Your instructions: Every picture is to be removed, and all the data is to be copied exactly.

---*---

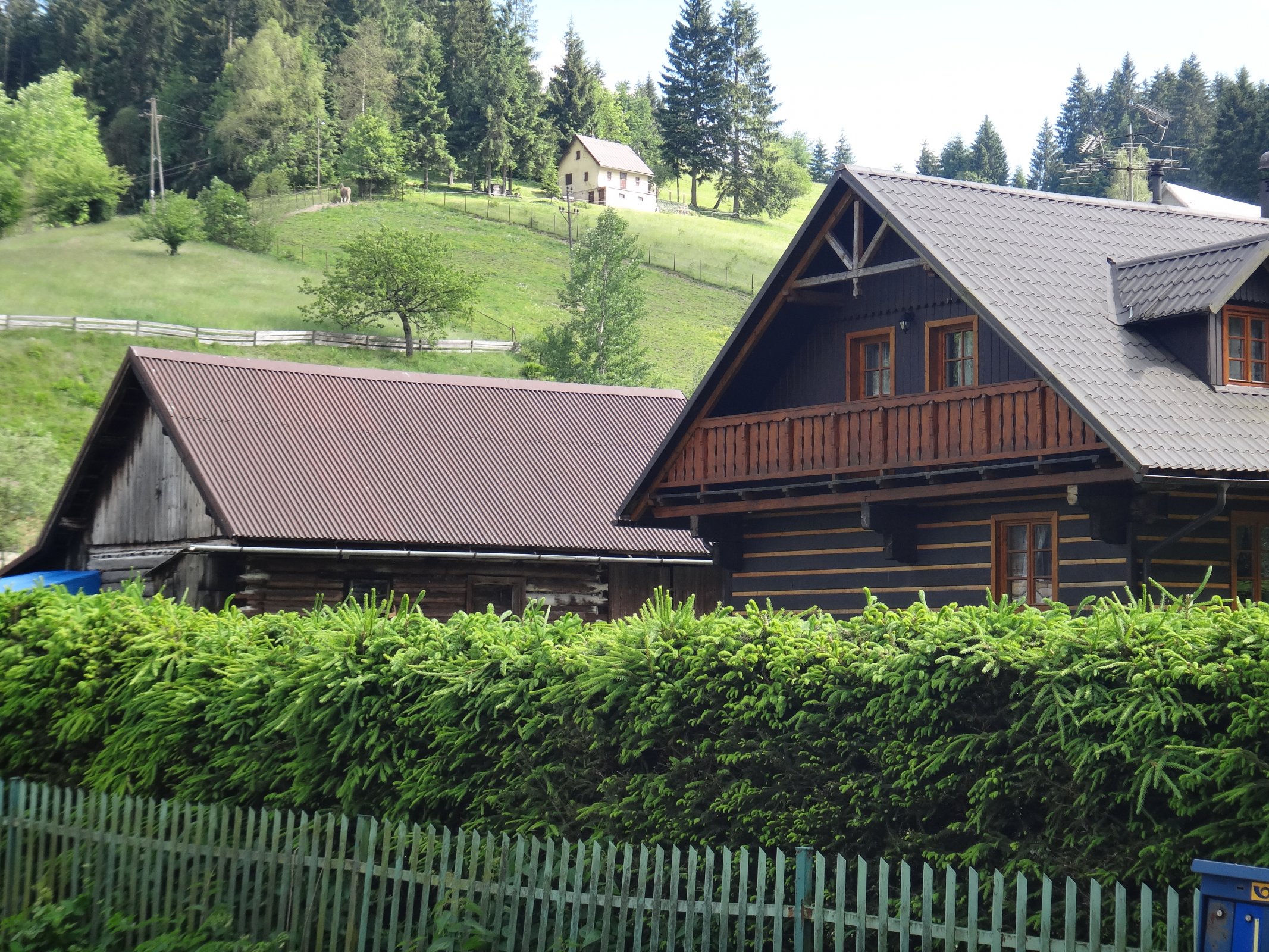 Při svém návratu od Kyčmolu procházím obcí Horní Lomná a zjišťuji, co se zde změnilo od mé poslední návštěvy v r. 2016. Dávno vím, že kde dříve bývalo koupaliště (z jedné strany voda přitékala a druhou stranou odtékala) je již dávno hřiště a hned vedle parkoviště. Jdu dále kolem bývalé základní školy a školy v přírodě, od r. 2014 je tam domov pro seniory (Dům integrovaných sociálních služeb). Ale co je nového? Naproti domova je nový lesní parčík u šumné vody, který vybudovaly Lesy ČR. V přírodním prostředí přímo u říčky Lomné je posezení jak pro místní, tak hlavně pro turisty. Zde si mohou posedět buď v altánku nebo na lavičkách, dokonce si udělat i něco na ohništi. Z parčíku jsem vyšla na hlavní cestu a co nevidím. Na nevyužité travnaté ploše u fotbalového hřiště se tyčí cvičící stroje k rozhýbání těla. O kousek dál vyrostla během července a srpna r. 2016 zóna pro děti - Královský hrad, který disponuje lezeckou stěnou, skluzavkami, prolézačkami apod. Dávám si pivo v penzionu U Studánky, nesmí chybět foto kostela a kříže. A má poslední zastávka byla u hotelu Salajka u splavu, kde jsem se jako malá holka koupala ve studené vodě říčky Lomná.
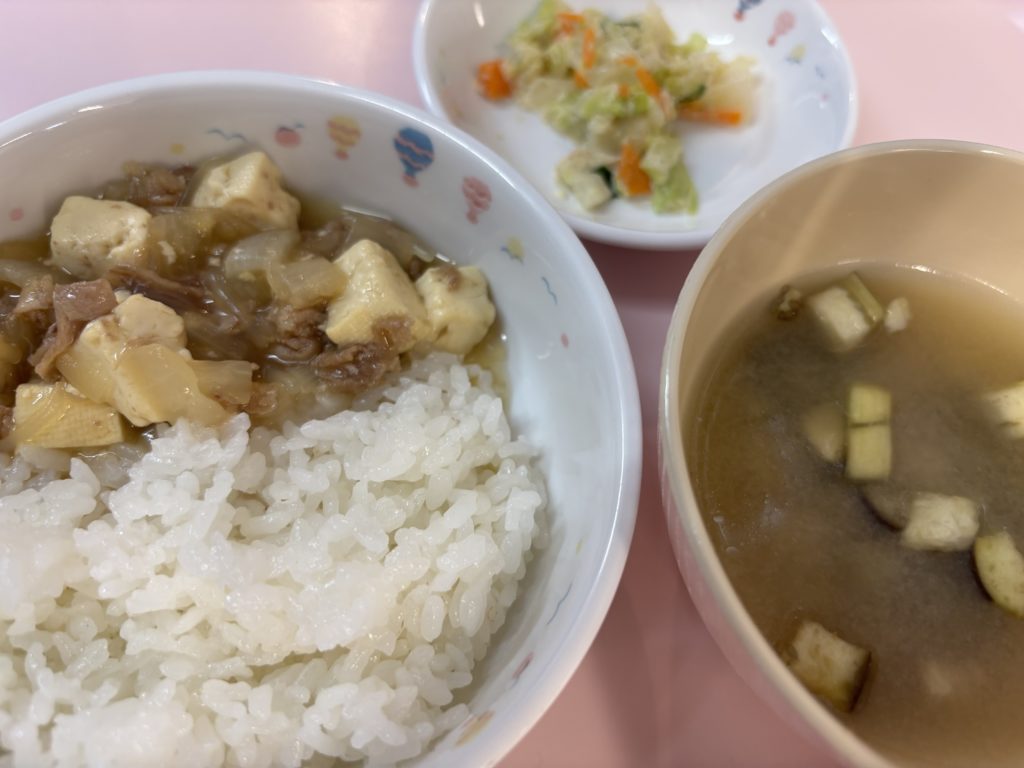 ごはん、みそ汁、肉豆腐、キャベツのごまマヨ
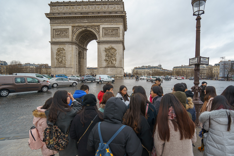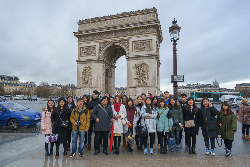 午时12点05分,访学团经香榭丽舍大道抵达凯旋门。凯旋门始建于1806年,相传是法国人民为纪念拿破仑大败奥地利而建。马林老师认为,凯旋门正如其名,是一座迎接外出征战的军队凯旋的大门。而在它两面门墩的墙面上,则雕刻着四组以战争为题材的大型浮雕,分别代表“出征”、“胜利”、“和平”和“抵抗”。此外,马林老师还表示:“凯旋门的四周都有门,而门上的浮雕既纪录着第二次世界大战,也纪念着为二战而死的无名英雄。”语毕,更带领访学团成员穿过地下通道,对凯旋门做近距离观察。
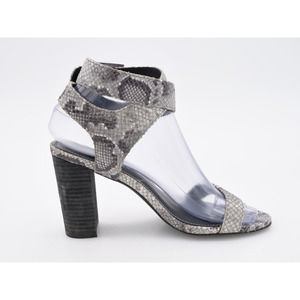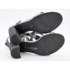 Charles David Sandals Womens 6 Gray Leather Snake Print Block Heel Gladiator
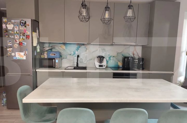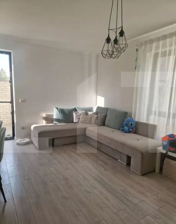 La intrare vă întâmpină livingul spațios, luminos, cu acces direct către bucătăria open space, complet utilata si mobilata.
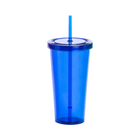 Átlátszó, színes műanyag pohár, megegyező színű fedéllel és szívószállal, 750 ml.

---*---

Worked solution:
 Při svém návratu od Kyčmolu procházím obcí Horní Lomná a zjišťuji, co se zde změnilo od mé poslední návštěvy v r. 2016. Dávno vím, že kde dříve bývalo koupaliště (z jedné strany voda přitékala a druhou stranou odtékala) je již dávno hřiště a hned vedle parkoviště. Jdu dále kolem bývalé základní školy a školy v přírodě, od r. 2014 je tam domov pro seniory (Dům integrovaných sociálních služeb). Ale co je nového? Naproti domova je nový lesní parčík u šumné vody, který vybudovaly Lesy ČR. V přírodním prostředí přímo u říčky Lomné je posezení jak pro místní, tak hlavně pro turisty. Zde si mohou posedět buď v altánku nebo na lavičkách, dokonce si udělat i něco na ohništi. Z parčíku jsem vyšla na hlavní cestu a co nevidím. Na nevyužité travnaté ploše u fotbalového hřiště se tyčí cvičící stroje k rozhýbání těla. O kousek dál vyrostla během července a srpna r. 2016 zóna pro děti - Královský hrad, který disponuje lezeckou stěnou, skluzavkami, prolézačkami apod. Dávám si pivo v penzionu U Studánky, nesmí chybět foto kostela a kříže. A má poslední zastávka byla u hotelu Salajka u splavu, kde jsem se jako malá holka koupala ve studené vodě říčky Lomná.
 ごはん、みそ汁、肉豆腐、キャベツのごまマヨ
 午时12点05分,访学团经香榭丽舍大道抵达凯旋门。凯旋门始建于1806年,相传是法国人民为纪念拿破仑大败奥地利而建。马林老师认为,凯旋门正如其名,是一座迎接外出征战的军队凯旋的大门。而在它两面门墩的墙面上,则雕刻着四组以战争为题材的大型浮雕,分别代表“出征”、“胜利”、“和平”和“抵抗”。此外,马林老师还表示:“凯旋门的四周都有门,而门上的浮雕既纪录着第二次世界大战,也纪念着为二战而死的无名英雄。”语毕,更带领访学团成员穿过地下通道,对凯旋门做近距离观察。
 Charles David Sandals Womens 6 Gray Leather Snake Print Block Heel Gladiator
 La intrare vă întâmpină livingul spațios, luminos, cu acces direct către bucătăria open space, complet utilata si mobilata.
 Átlátszó, színes műanyag pohár, megegyező színű fedéllel és szívószállal, 750 ml.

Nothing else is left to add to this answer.